Since the load forwarded by a child is proportional to the
cumulative key-space in its subtree, in order to perfectly balance
the load in a highly overloaded condition, such as when all nodes
need to share some of the load, the number of nodes in the subtree
should be should also be proportional to the key space it holds. In
this regard, ideally the ratio of the key-space fraction at a
node's subtree to the network size fraction in the subtree (i.e.,
the number of nodes in the subtree divided by the number of nodes
in the system), should be as close to 1 as possible. FIGS. 6a, 6b,
6c and 6d respectively depict the distribution of this ratio for
the OS, Random-1, Random-10 and MP-10 joining schemes for a network
with 1024 nodes. FIG. 6a demonstrates that the OS scheme has a
single bar at value 1, which indicates that all subtrees rooted at
all nodes have exactly the same key-space fraction and network-size
fraction rooted at the nodes, and thus perfect load balancing is
attained. FIG. 6b shows that the Random-1 scheme results in a high
concentration of values around 0 and a large tail, indicating the
presence of many disproportionate subtrees in the structure. FIG.

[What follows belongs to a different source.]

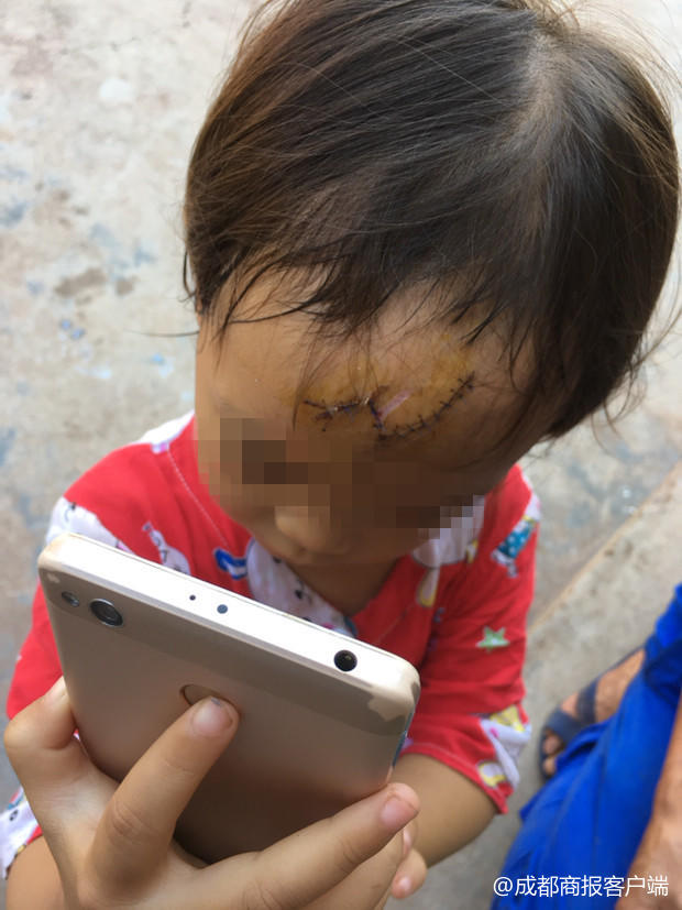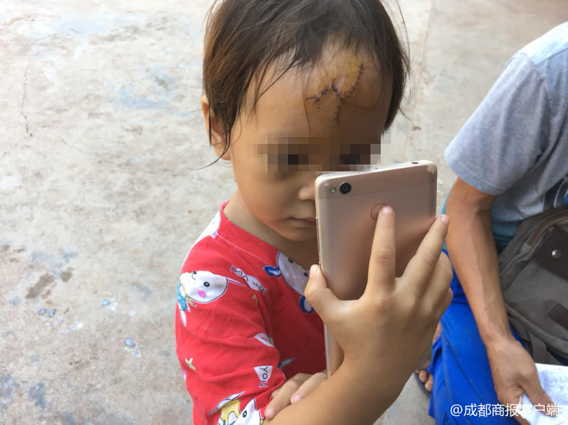 8月17号,小玉书出院,伤口没有拆线。8月19日上午,成都商报客户端记者赶到小玉书家,孩子正拿着父亲的手机给自己额头的伤疤拍照。事隔一周,小玉书仍清晰地记得被咬的场景,她指着门前的核桃树对记者说:“野狗在这里, 跑到家里来咬我。”

6c shows the Random-10 scheme results are less skewed. FIG. 6d
shows the MP-10 results as more packed with a plurality of values
around 1.
[0100] The inventors demonstrated the load balancing performance of
a shuffle algorithm in an operational scenario where the system is
heavily loaded. Initially, a unit load on a root node was selected
that indicated the total load for the corresponding attribute.
Subsequently, a target load was chosen such that each node in the
tree had a load no greater than the target value. The target load
was varied between 1.1/n and 0.5 for a various number of nodes n.
Since the total load on the system was normalized, a lower target
load value (closer to 1/n) corresponds to a higher total load in
the system. The lower the target value implies that the unit load
will be shared by a larger number of nodes (indicating a higher
total load). A target value of less than 1/n is not feasible for
any system.
[0101] In the course of experimentation, the inventors considered
the load being incurred due to a high publication rate, such that
the root node used the Replicating-Holding scheme for event
processing described above. In this connection, there were four
metrics of interest: (1) the probability that the system would fail
to reach the target load value; 2) the total number of control
messages passed between nodes for the load balancing process; 3)
the total fraction of subscriptions moved in the system; and 4) the
total forwarding overhead in the system attributable to publication
forwarding.
[0102] For comparing the load balancing performance, the inventors
considered two other possible schemes: [0103] Random--Half: where
an overloaded node sends a control message to a random node to
check if it is under-loaded (i.e., a load less than the target
value). If the destination node is overloaded or has a higher load
than the originating node, the originating node keeps sending
control messages until it finds such a node (it will always find
such a node when the target load is not more than 1/n). If so, it
splits its load with that node by replicating only those
subscriptions there which are not already present (the
subscriptions could have originated there or have been replicated
there by another node). If the load on the originating node is L
and the load at the destination is L', both the originating and
destination nodes each have a load of 0.5(L+L') and the originating
node forwards a fraction of its publication traffic to the
destination node accordingly. If the destination node also gets
overloaded, it then searches for another node to shed its load.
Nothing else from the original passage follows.